**Records from a data source:**

::::

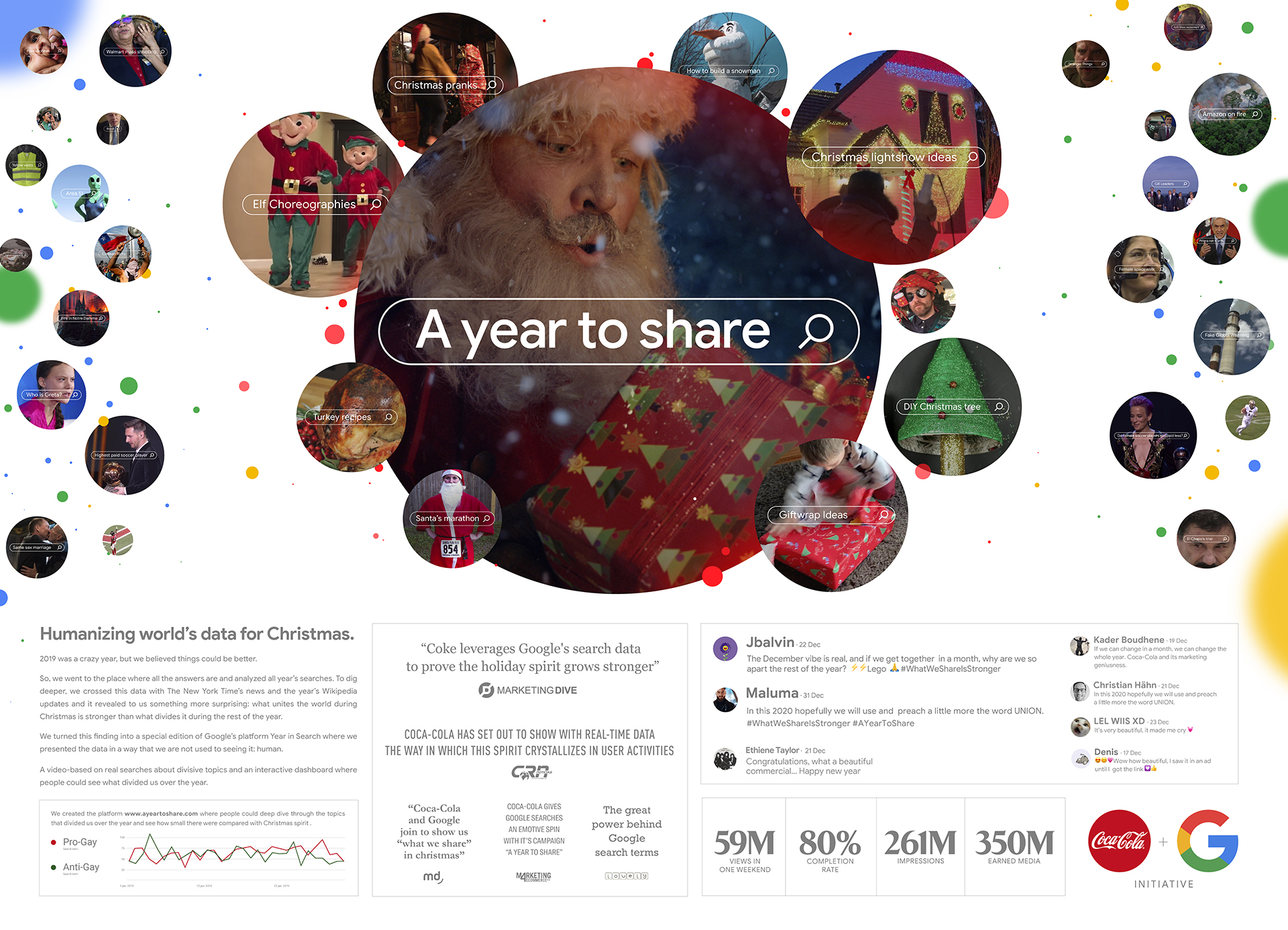 2019 was the most polarized year of the decade. We turned this finding into a special edition of Google’s platform Year in Search, a video-based on real searches about divisive topics and an interactive Dashboard where people could see what divided us over the year. A Year To Share became one of the most shareable actions of 2019’s Christmas, reaching a record of views in a single weekend and proving to the world that there’s still hope. This video is the 3rd most watched video in the history of Coca-Cola.
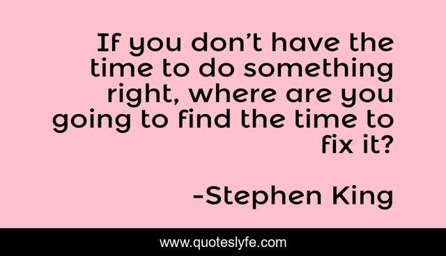 This page presents the quote "If you don’t have the time to do something right, where are you going to find the time to fix it?". Author of this quote is Stephen King. This quote is about enthusiasm, inspirational,.
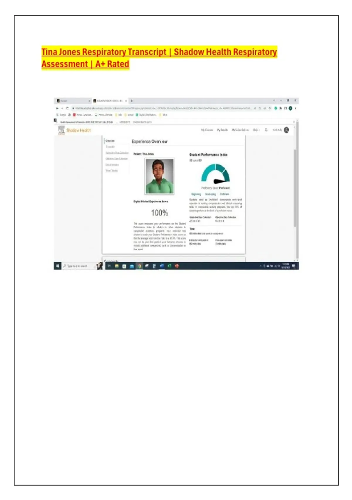 Tina Jones Respiratory Transcript | Shadow Health Respiratory Assessment | A+ Rated
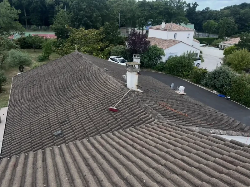 Nos services incluent un nettoyage complet du toit, l’élimination des mousses, lichens et autres salissures, ainsi que l’application de traitements anti-mousse et hydrofuges adaptés. Ces interventions permettent de préserver l’étanchéité de la toiture, de limiter la repousse des végétaux et de maintenir l’esthétique de votre maison année après année.
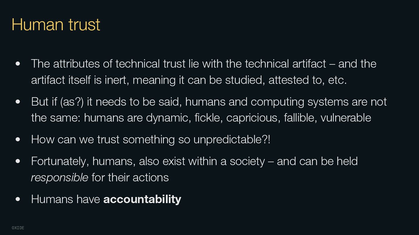 with the technical artifact – and the artifact itself is inert, meaning it can be studied, attested to, etc. • But if (as?) it needs to be said, humans and computing systems are not the same: humans are dynamic, fickle, capricious, fallible, vulnerable • How can we trust something so unpredictable?! • Fortunately, humans, also exist within a society – and can be held responsible for their actions • Humans have accountability
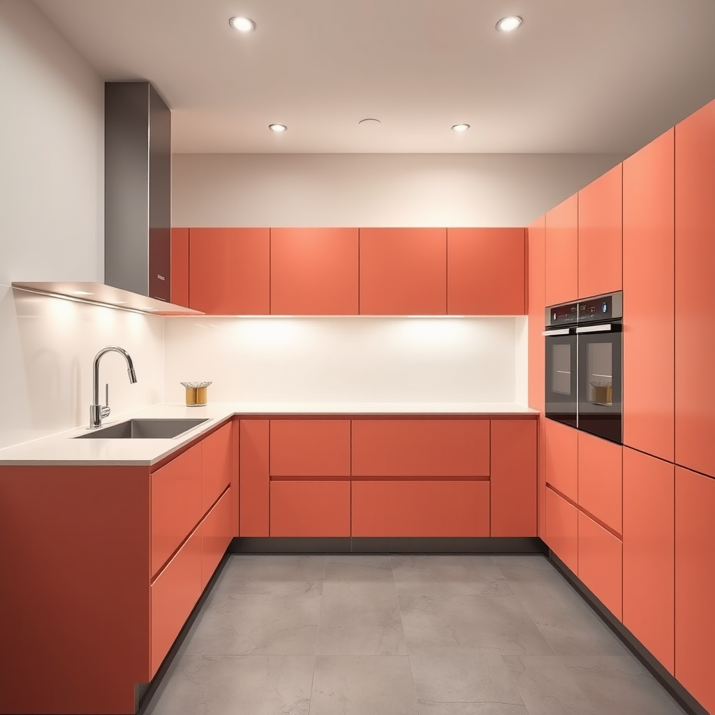 Photography of a minimalist kitchen with a sleek matte coral finish, featuring a clean, modern silver faucet and integrated high-end appliances that maintain a streamlined look. The flooring is a matte warm grey tile, adding a cool texture to the space. Recessed lighting in the simple ceiling casts a soft, even light across the kitchen, highlighting the smooth surfaces and clean lines, captured in UHD with an aspect ratio of 9:16.
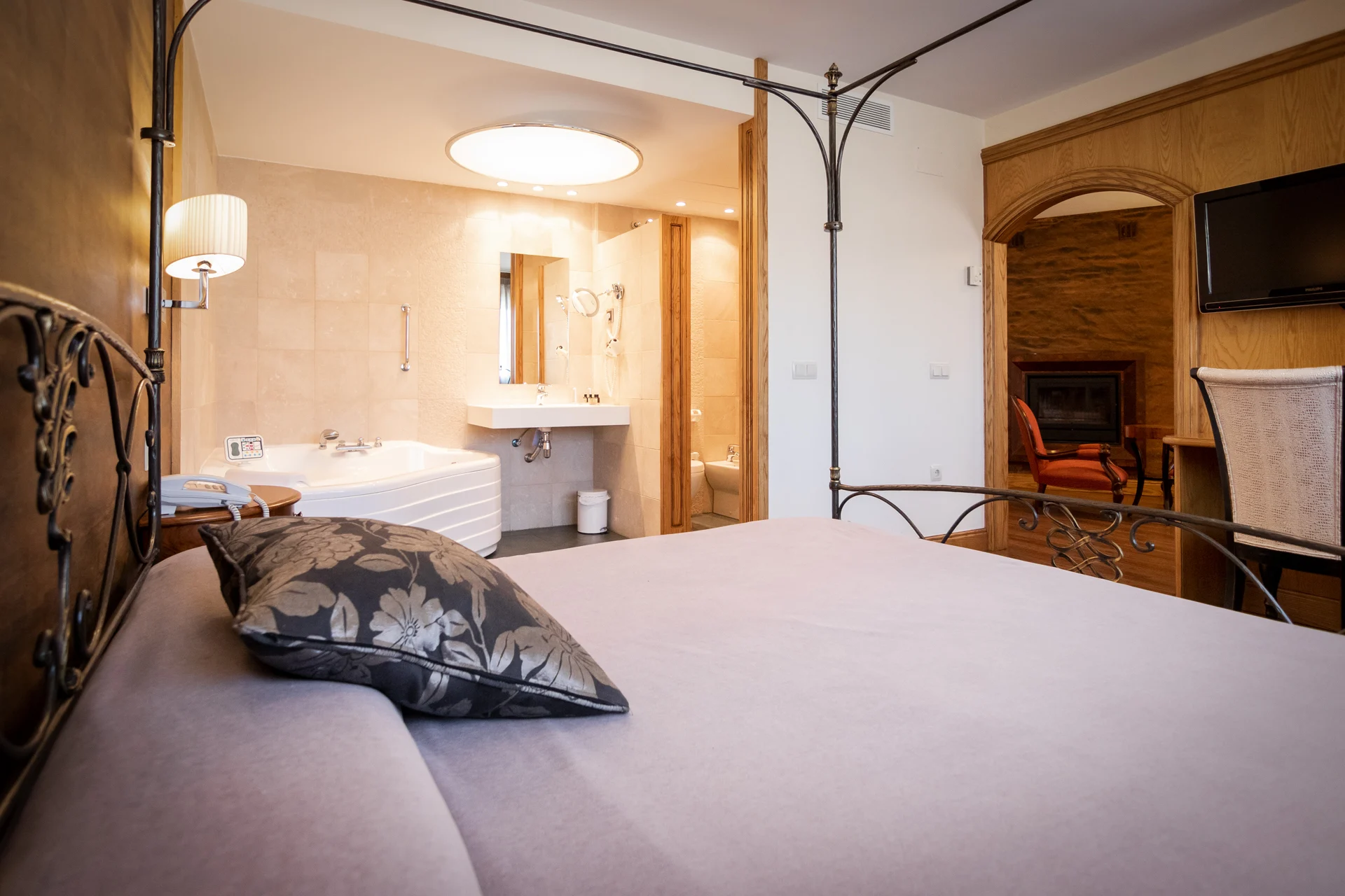 Nuestra suite no defrauda, un espacio para los más exigentes. Relájate en su jacuzzi, prepara tu ruta rural sentado en el sofá de su salón junto a su chimenea. Encontrarás un espacio para cada momento y necesidad. Un refugio con verdadero encanto pensado para tu disfrute y comodidad.
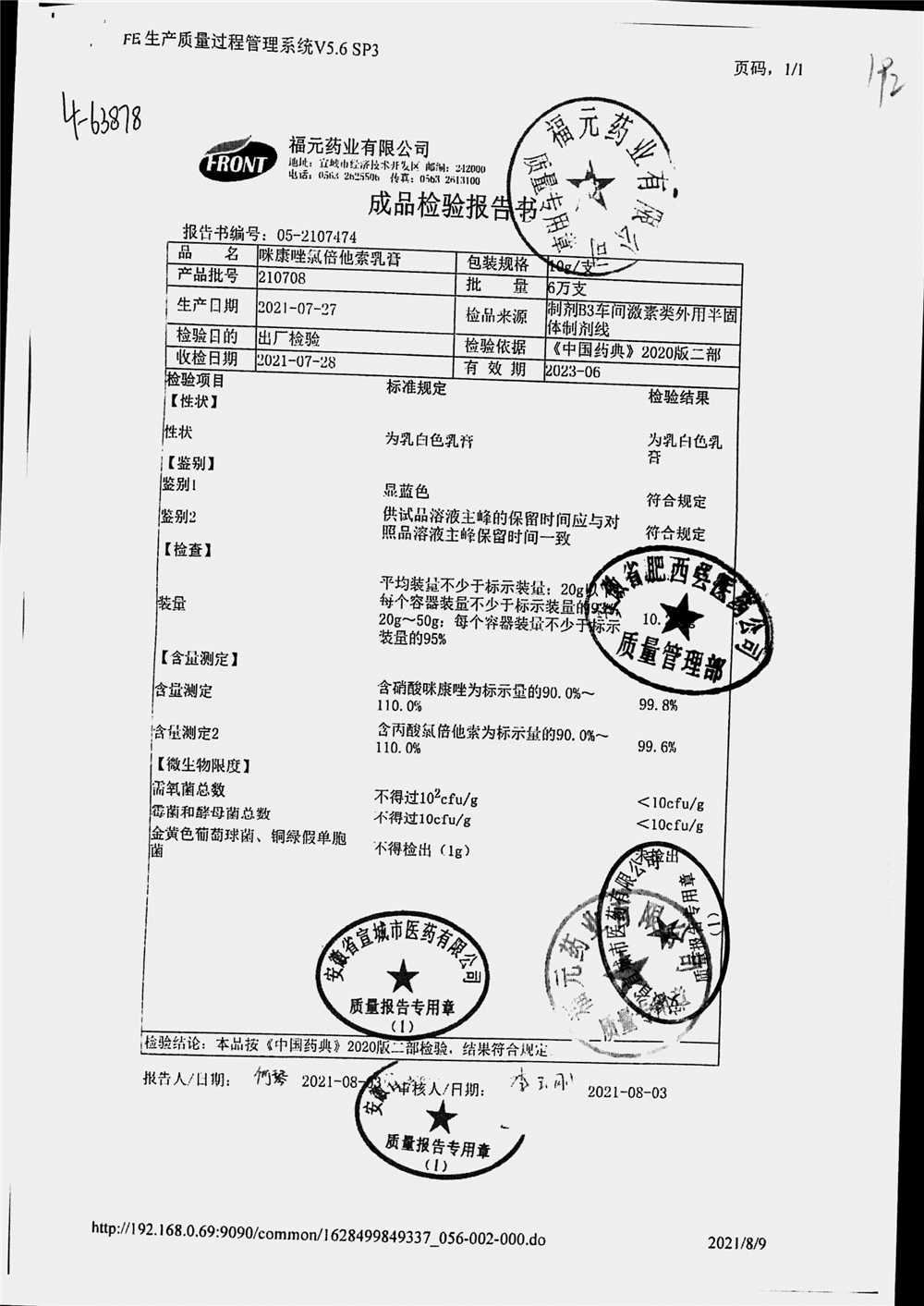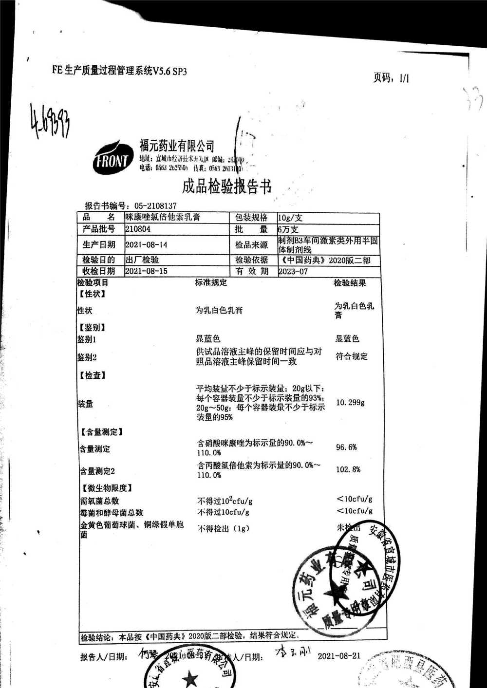 咪康唑氯倍他索乳膏 | 10g | 210804 | 查看详情 |

::::

**TASK GOAL:**
Skip every picture, and restate word for word only the lines above from the line containing "This page presents" to the line containing "Tina Jones Respiratory", both of them included.

**WRITTEN RESPONSE:**
 This page presents the quote "If you don’t have the time to do something right, where are you going to find the time to fix it?". Author of this quote is Stephen King. This quote is about enthusiasm, inspirational,.
 Tina Jones Respiratory Transcript | Shadow Health Respiratory Assessment | A+ Rated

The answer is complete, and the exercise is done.